PROMPT: Set the whole listing down again, word for word, with no pictures.

STORED DATA:

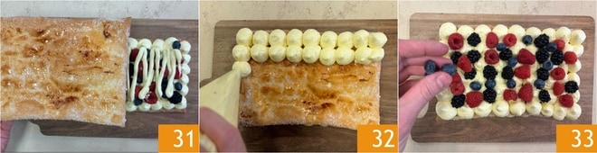 Colocad encima la segunda lámina de hojaldre 31 y cubrid también esta con montoncitos de crema 32, luego distribuid la otra mitad de los frutos del bosque 33.
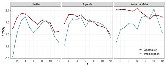 For all regions, lower entropy values were found for τ = 1 and τ = 12, reflecting intra-annual rainfall variability (well-defined dry and wet seasons) and interannual seasonality, respectively. This effect was less pronounced for rainfall anomalies where seasonality is removed. For intra-annual temporal scales for Sertão, the entropy values of the anomaly series were lower for τ = 3 and τ = 9, which can be attributed to the duration of the wet (3 months) and dry (9 months) seasons.
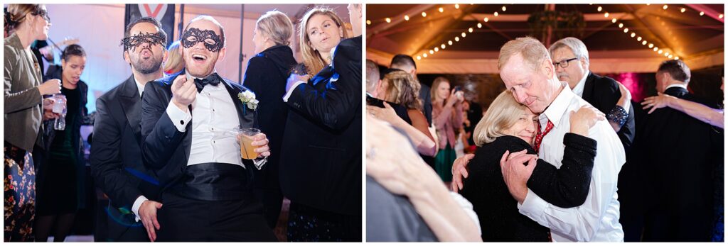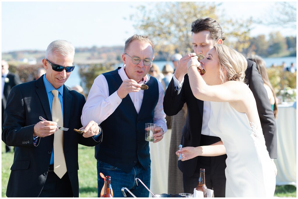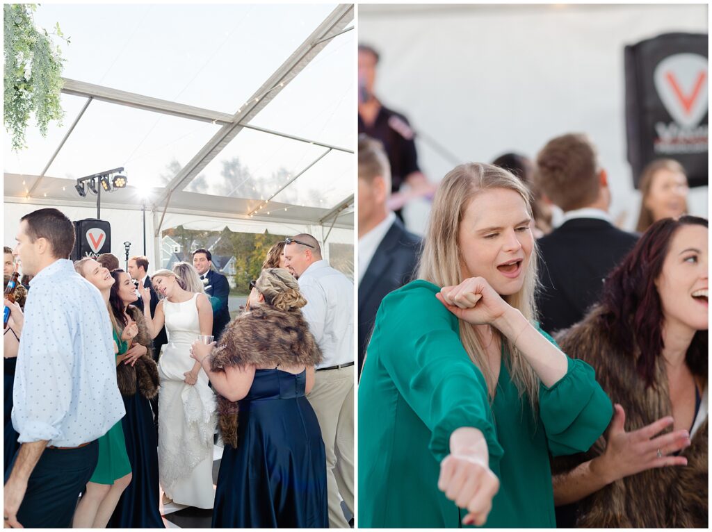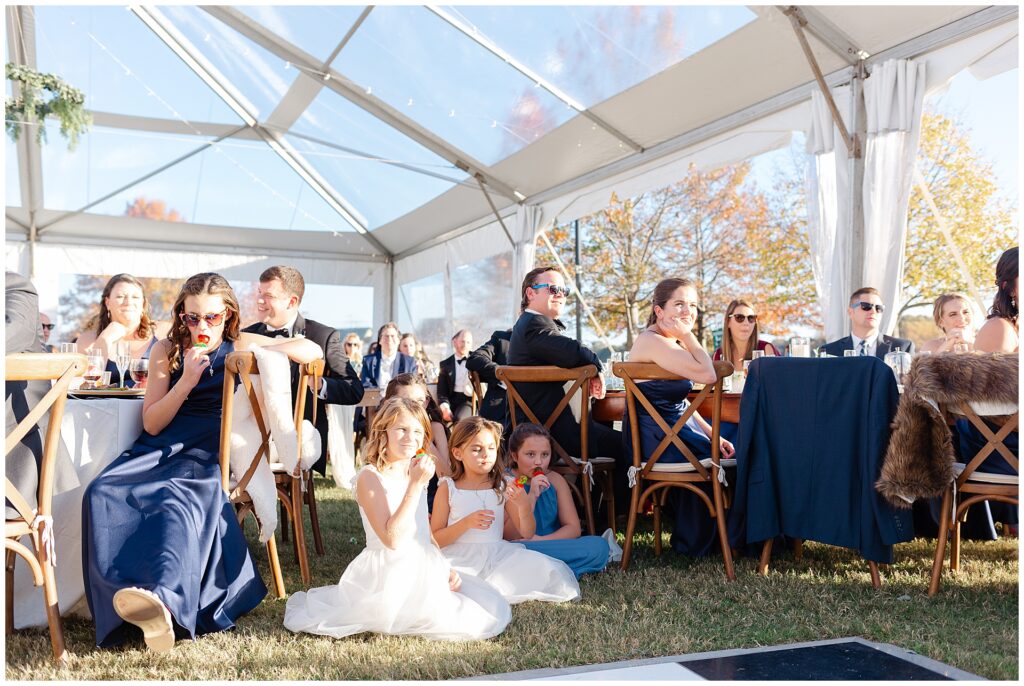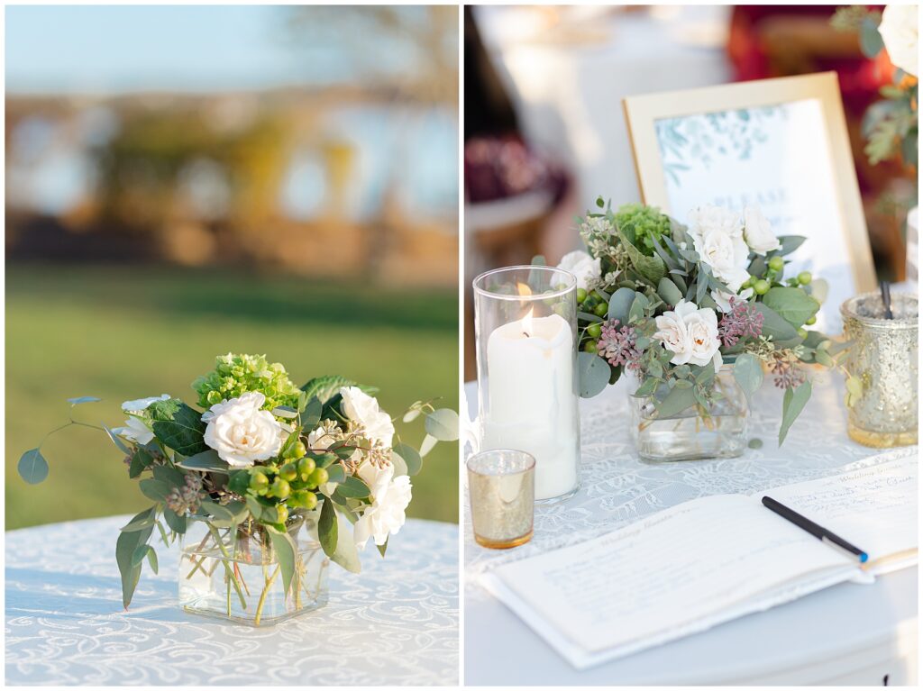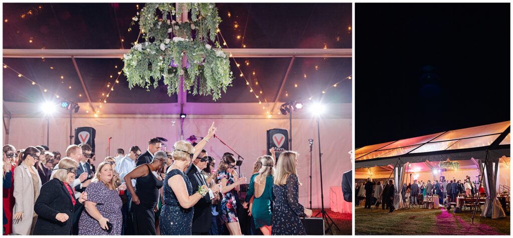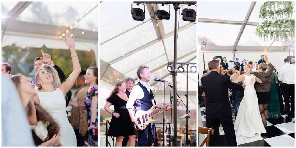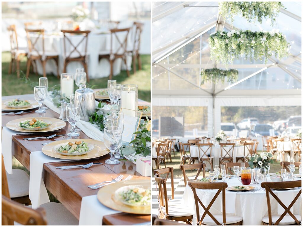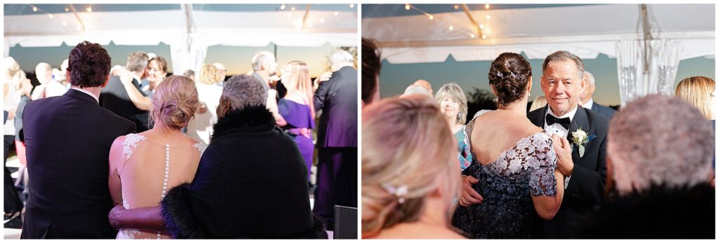Waterfront weddings are at their strongest when the design allows the setting to breathe. Rather than leaning into overt nautical themes, many couples opt for timeless, architectural choices that frame the landscape instead of competing with it. Clear-top tents are especially effective along the water, allowing the sky, sunset, and surrounding environment to remain present well into the evening. Softer tenting materials and neutral palettes keep the focus on texture, movement, and light. Another popular option for Maryland waterfront weddings is a sailcloth tent. With its gentle peaks and warm, natural fabric, sailcloth offers an organic nod to the nautical setting without feeling overly scripted or literal. When paired with refined design elements, it creates a setting that feels intentional, elevated, and deeply connected to place. In this wedding, elements like a black-and-white checkered dance floor grounded the space with classic structure, while the clear-top tent preserved uninterrupted views of the waterfront. A live oyster shucking bar added a subtle sense of place—thoughtful and regionally inspired without becoming themed or forced.

RESULT:
 Colocad encima la segunda lámina de hojaldre 31 y cubrid también esta con montoncitos de crema 32, luego distribuid la otra mitad de los frutos del bosque 33.
 For all regions, lower entropy values were found for τ = 1 and τ = 12, reflecting intra-annual rainfall variability (well-defined dry and wet seasons) and interannual seasonality, respectively. This effect was less pronounced for rainfall anomalies where seasonality is removed. For intra-annual temporal scales for Sertão, the entropy values of the anomaly series were lower for τ = 3 and τ = 9, which can be attributed to the duration of the wet (3 months) and dry (9 months) seasons.
Waterfront weddings are at their strongest when the design allows the setting to breathe. Rather than leaning into overt nautical themes, many couples opt for timeless, architectural choices that frame the landscape instead of competing with it. Clear-top tents are especially effective along the water, allowing the sky, sunset, and surrounding environment to remain present well into the evening. Softer tenting materials and neutral palettes keep the focus on texture, movement, and light. Another popular option for Maryland waterfront weddings is a sailcloth tent. With its gentle peaks and warm, natural fabric, sailcloth offers an organic nod to the nautical setting without feeling overly scripted or literal. When paired with refined design elements, it creates a setting that feels intentional, elevated, and deeply connected to place. In this wedding, elements like a black-and-white checkered dance floor grounded the space with classic structure, while the clear-top tent preserved uninterrupted views of the waterfront. A live oyster shucking bar added a subtle sense of place—thoughtful and regionally inspired without becoming themed or forced.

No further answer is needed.